⟨
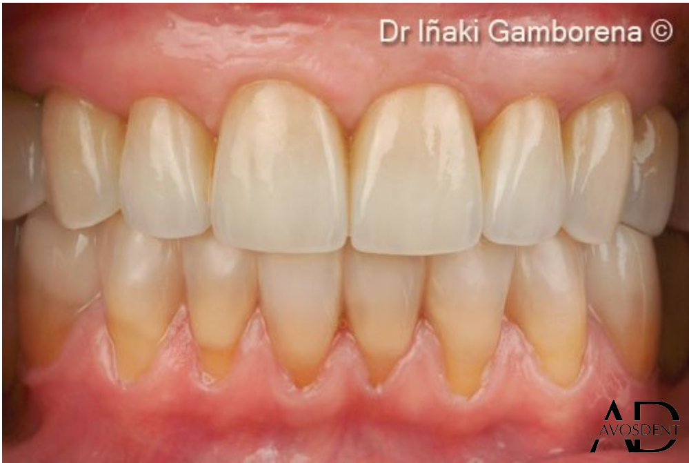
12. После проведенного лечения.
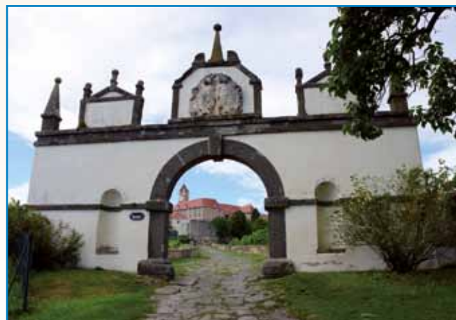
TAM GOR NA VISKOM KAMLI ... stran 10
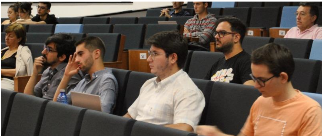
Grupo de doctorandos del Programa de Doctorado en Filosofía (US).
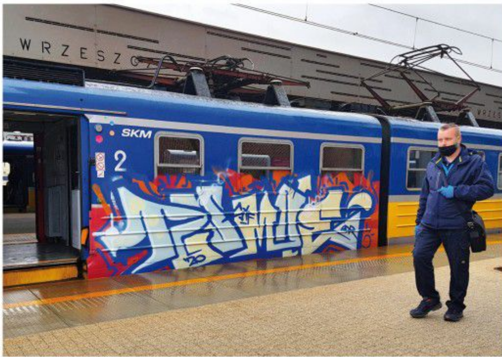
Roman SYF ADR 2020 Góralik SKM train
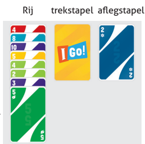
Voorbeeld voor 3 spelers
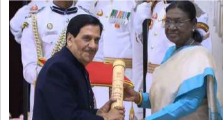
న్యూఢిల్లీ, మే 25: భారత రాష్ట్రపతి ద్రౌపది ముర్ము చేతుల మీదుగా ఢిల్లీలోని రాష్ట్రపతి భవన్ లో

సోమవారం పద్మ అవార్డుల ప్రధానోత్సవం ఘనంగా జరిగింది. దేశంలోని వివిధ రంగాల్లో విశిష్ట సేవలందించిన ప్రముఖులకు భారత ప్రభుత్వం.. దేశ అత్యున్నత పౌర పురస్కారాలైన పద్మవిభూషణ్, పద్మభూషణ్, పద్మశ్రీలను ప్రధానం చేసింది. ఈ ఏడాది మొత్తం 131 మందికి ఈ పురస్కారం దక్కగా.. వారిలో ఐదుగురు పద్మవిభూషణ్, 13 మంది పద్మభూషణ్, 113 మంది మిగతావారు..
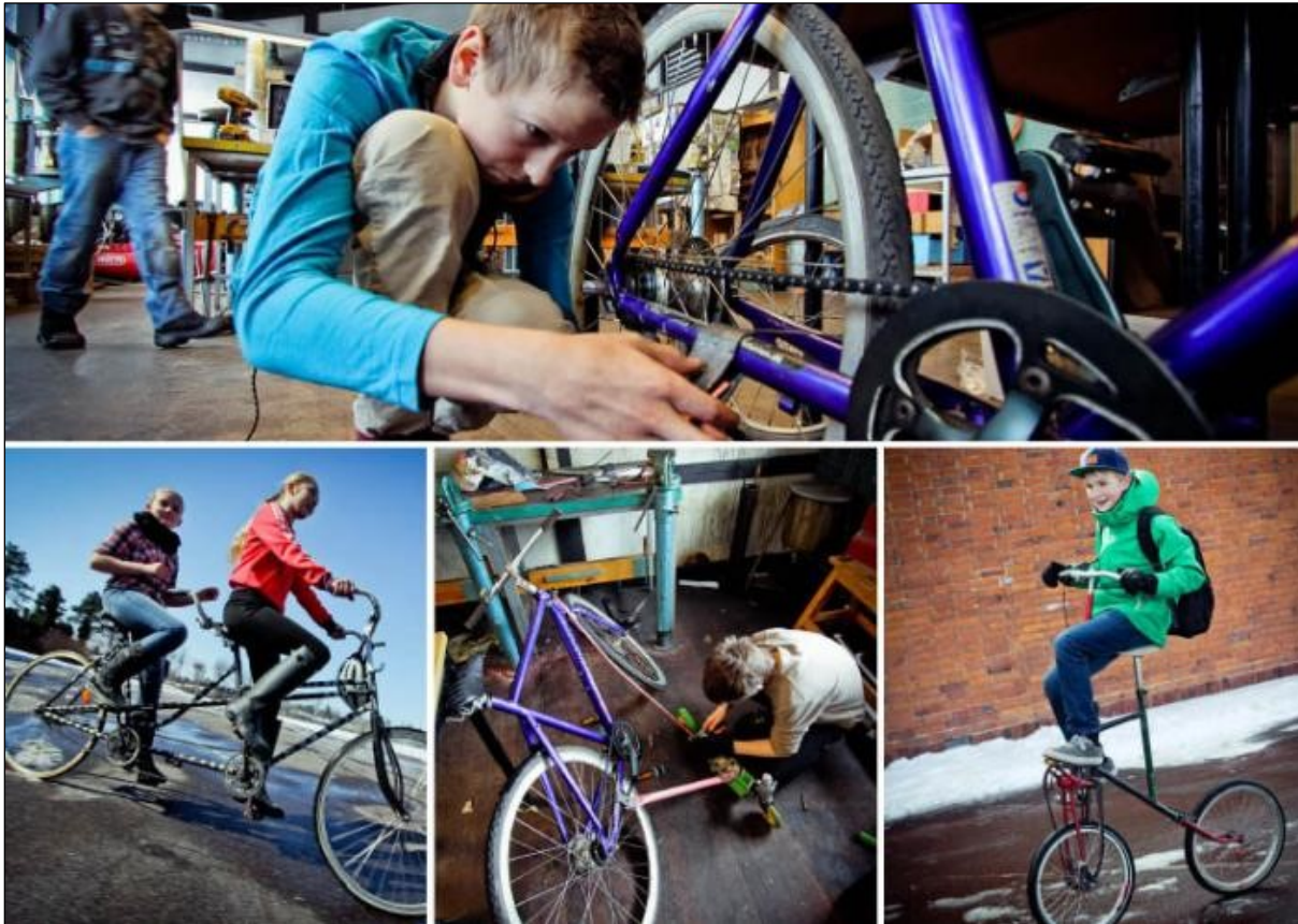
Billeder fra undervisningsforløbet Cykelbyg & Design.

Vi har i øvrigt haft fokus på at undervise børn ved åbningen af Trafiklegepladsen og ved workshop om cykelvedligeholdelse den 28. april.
⟩
⟨
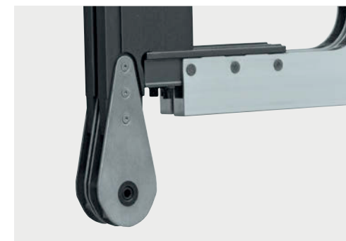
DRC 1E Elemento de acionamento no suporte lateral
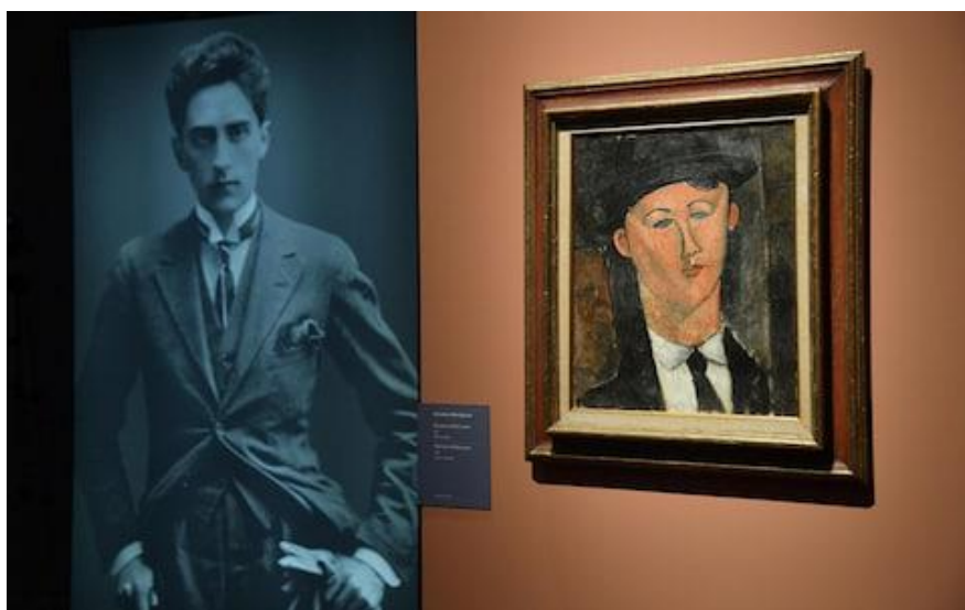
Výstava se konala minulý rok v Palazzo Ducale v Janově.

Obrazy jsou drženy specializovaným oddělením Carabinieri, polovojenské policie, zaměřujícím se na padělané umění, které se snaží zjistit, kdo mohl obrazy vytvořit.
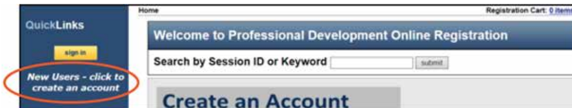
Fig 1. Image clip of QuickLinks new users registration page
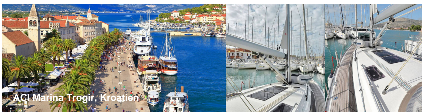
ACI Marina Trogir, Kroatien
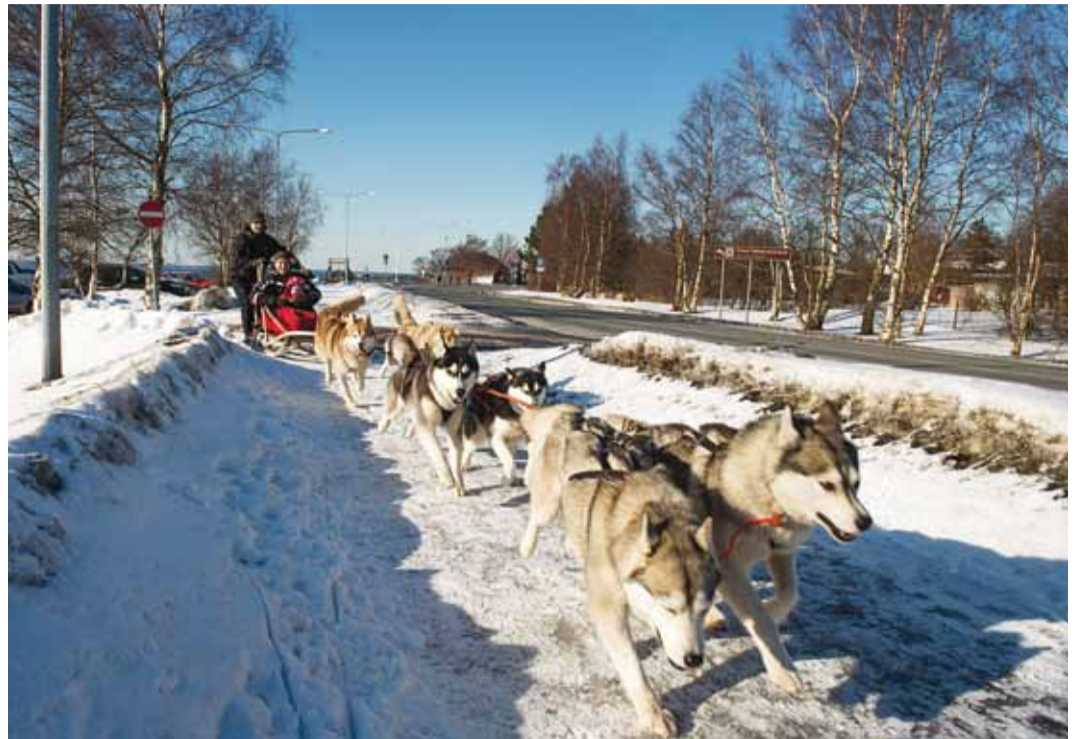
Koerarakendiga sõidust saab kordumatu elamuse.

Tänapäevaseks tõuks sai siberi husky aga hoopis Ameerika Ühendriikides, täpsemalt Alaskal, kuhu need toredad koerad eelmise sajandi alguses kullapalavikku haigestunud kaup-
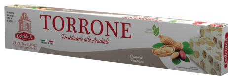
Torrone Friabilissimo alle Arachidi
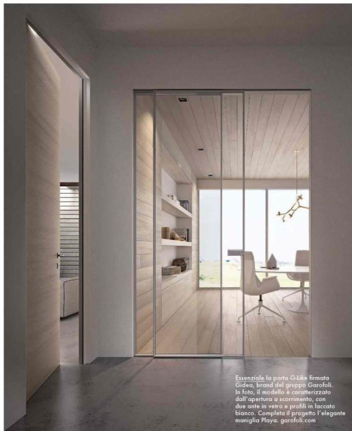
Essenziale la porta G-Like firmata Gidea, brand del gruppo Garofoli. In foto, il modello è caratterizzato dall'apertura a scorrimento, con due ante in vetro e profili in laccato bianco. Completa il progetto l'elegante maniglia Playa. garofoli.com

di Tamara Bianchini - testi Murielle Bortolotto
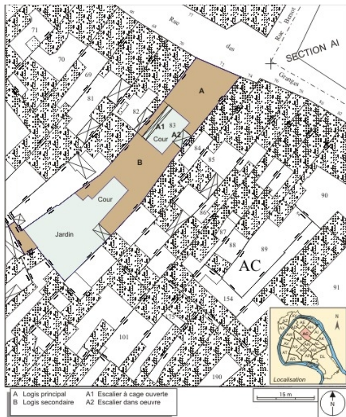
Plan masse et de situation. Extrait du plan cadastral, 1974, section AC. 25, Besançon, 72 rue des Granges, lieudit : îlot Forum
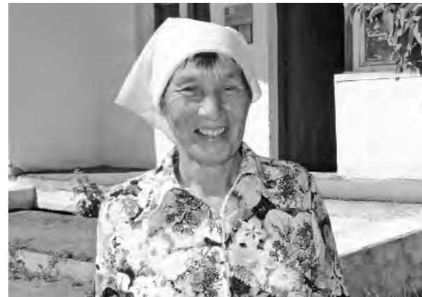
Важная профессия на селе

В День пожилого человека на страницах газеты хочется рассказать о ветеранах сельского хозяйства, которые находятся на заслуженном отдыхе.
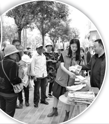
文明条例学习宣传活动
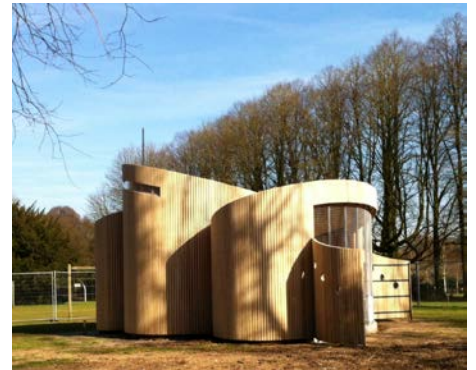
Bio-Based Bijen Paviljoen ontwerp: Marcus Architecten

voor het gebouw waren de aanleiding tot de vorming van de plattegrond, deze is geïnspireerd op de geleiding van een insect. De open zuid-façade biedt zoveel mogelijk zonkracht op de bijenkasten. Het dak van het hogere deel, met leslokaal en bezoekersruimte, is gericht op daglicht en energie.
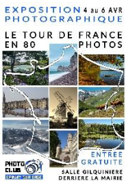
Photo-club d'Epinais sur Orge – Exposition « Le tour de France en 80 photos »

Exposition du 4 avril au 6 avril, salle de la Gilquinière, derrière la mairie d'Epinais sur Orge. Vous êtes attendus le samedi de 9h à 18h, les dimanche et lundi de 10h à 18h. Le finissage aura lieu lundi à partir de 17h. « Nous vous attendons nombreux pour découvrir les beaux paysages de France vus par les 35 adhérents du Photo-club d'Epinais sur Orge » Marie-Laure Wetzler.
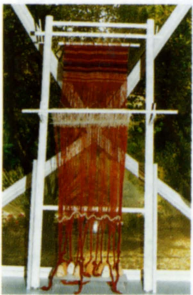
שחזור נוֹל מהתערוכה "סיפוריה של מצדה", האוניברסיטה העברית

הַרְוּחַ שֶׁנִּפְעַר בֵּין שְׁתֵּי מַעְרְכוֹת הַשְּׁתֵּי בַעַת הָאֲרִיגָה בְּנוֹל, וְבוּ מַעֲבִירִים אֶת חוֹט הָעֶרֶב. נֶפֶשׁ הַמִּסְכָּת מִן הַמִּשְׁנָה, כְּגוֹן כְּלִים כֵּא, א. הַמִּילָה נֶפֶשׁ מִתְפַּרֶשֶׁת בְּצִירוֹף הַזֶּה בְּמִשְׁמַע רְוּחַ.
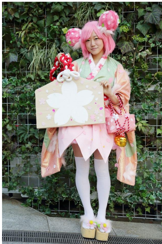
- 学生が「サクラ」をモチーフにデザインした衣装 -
⟩
⟨
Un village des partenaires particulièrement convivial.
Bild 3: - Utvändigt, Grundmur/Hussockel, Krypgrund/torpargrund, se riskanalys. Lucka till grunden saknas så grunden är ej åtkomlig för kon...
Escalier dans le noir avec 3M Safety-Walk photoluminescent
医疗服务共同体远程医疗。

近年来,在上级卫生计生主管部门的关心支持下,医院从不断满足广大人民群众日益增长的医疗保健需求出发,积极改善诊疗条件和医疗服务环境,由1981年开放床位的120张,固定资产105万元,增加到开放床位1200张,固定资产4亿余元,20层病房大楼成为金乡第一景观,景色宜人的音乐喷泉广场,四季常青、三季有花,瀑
⟩
- Work order
Among the entries above, take the line with "12. После проведенного лечения.", the line with "Vi har i øvrigt", and all the lines between them, and restate them word for word without pictures.

- Solution for this exercise
12. После проведенного лечения.
TAM GOR NA VISKOM KAMLI ... stran 10
Grupo de doctorandos del Programa de Doctorado en Filosofía (US).
Roman SYF ADR 2020 Góralik SKM train
Voorbeeld voor 3 spelers
న్యూఢిల్లీ, మే 25: భారత రాష్ట్రపతి ద్రౌపది ముర్ము చేతుల మీదుగా ఢిల్లీలోని రాష్ట్రపతి భవన్ లో

సోమవారం పద్మ అవార్డుల ప్రధానోత్సవం ఘనంగా జరిగింది. దేశంలోని వివిధ రంగాల్లో విశిష్ట సేవలందించిన ప్రముఖులకు భారత ప్రభుత్వం.. దేశ అత్యున్నత పౌర పురస్కారాలైన పద్మవిభూషణ్, పద్మభూషణ్, పద్మశ్రీలను ప్రధానం చేసింది. ఈ ఏడాది మొత్తం 131 మందికి ఈ పురస్కారం దక్కగా.. వారిలో ఐదుగురు పద్మవిభూషణ్, 13 మంది పద్మభూషణ్, 113 మంది మిగతావారు..
Billeder fra undervisningsforløbet Cykelbyg & Design.

Vi har i øvrigt haft fokus på at undervise børn ved åbningen af Trafiklegepladsen og ved workshop om cykelvedligeholdelse den 28. april.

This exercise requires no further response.